The American Poetry Review
Donald Revell

excerpt from Invisible Green II

"Methinks my own soul must be a bright invisible green."

We must not look for poetry in poems. Poetry has further to go and greater occasions. As energy, it outspeeds the mass and manners of art, passing through words along the way to life. It is itself alive, and bursts from poems in actual ecstasy. ("Energy is Eternal Delight"--William Blake.) I want to write of ecstasy, the continuous motion of poetry out of confinements, out of poems. Poetry asserts the consequence of delight, i.e. an outside and worldly life where purposes are real, where methods are issues of morality. Poetry must be good. Blake made no idle allusion: "The Authors are in Eternity" (letter to Thomas Butts, April 25, 1803). In motion always, eternity is indistinguishable from creation, and there the link between ecstasy and ethics shines with sunshine life. Looking for poetry, we are moved to action brightly by action.

Jane Ellen Harrison, in her passion for source-work, evinced the actions of human art as energies seeking entirety.

We have seen that art promotes a part of life, the spiritual, image-making side. But this side, wonderful though it is, is never the whole of actual life. There is always the practical side. The artist is always also a man. Now the aesthete tries to make his whole attitude artistic--that is, contemplative. He is always looking and prying and savouring, savourant, as he would say, when he ought to be living. The result is that there is nothing to savourer. All art springs by way of ritual out of keen emotion towards life, and even the power to appreciate art needs this emotional reality in the spectator. The aesthete leads at best a parasite, artistic life, dogged always by death and corruption. (Ancient Art and Ritual, 215)

Anything less than life is not alive. Anything short of action is corruption. Poetry "springs" via the poem "towards life." To remain confined by an object of contemplative reading degrades poetry to parasitism, and in that state its powers dissipate and die. Death or ecstasy: there are no other options. And so again, ecstasy shows itself to be a practical matter. "The artist is always also a man," and as Harrison's beautifully emphatic prepositions--"by" & "out" & "towards"--aver, when practice is human, practice is conduct, i.e. ethical. Without aesthetic immunity, poetry is real behavior, timely and first-hand.
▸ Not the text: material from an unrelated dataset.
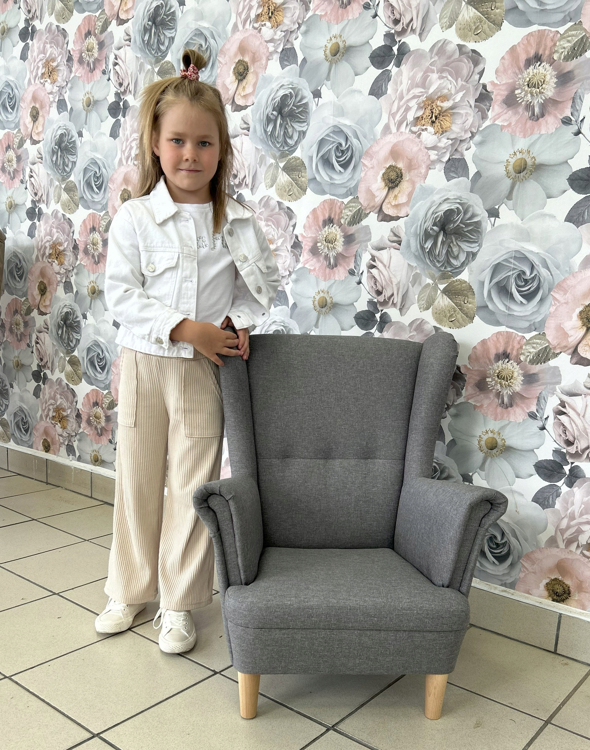 Мини -кресло Усзак был создан для детей. Сделано из сопоставки, обитаемой в высококачественной ошибке. Стабильность обеспечивается 10 сантиметрами деревянных ног. Пена, используемая на сиденье, сопротивление и подлокотники, обеспечивает высокий комфорт сидения.

When value is worldly, poetry goes to the world.

The one thing in the world, of value, is the active soul. (Ralph Waldo Emerson, "The American Scholar," 88)

Poetry, the soul of poems, does not reside or rest in them. It goes.

We follow. We read to go where poetry has gone and to preserve the possibility of a delightful contact. In "The Poet," Emerson describes the ways of an ecstatic pursuit.

The universe is the externalization of the soul. Wherever the life is, that bursts into appearance around it. (266)

The beginning bursts. Soul seeks an outside, where poetry has led. Reality runs the risk of appearing.

Every word was once a poem. Every new relation is a new word. (269)

The outside is unprecedented, and poetry has no word for it. But in the delightful moment, it finds a new word which is nothing less than itself, suddenly atoned. This kind of thing can happen. There are records: poems.

Language is fossil poetry. (271)

There are records, but no rest. A fossil proves that life has gone. Faith adds a preposition: gone on. Poetry must be good faith.

But nature has a higher end...than security, namely ascension...(272)

The italics are Emerson's. Faith is meant for bursting forth. Cast your eyes down for fossils. For poetry, look up. "for/ christ's sake, look/ out where yr going"--Robert Creeley, "I Know a Man." (The italics are mine.)

For all symbols are fluxional; all language is vehicular and transitive, and is good, as ferries and horses are, for conveyance, not as farms and houses are, for homestead. (279)

It is good to be going. I mean, it is Good to be going. Some poems show the way.



Donald Revell is the author of six collections of poetry, most recently There Are Three (Wesleyan, 1998). He is professor of English and Creative Writing at the University of Utah.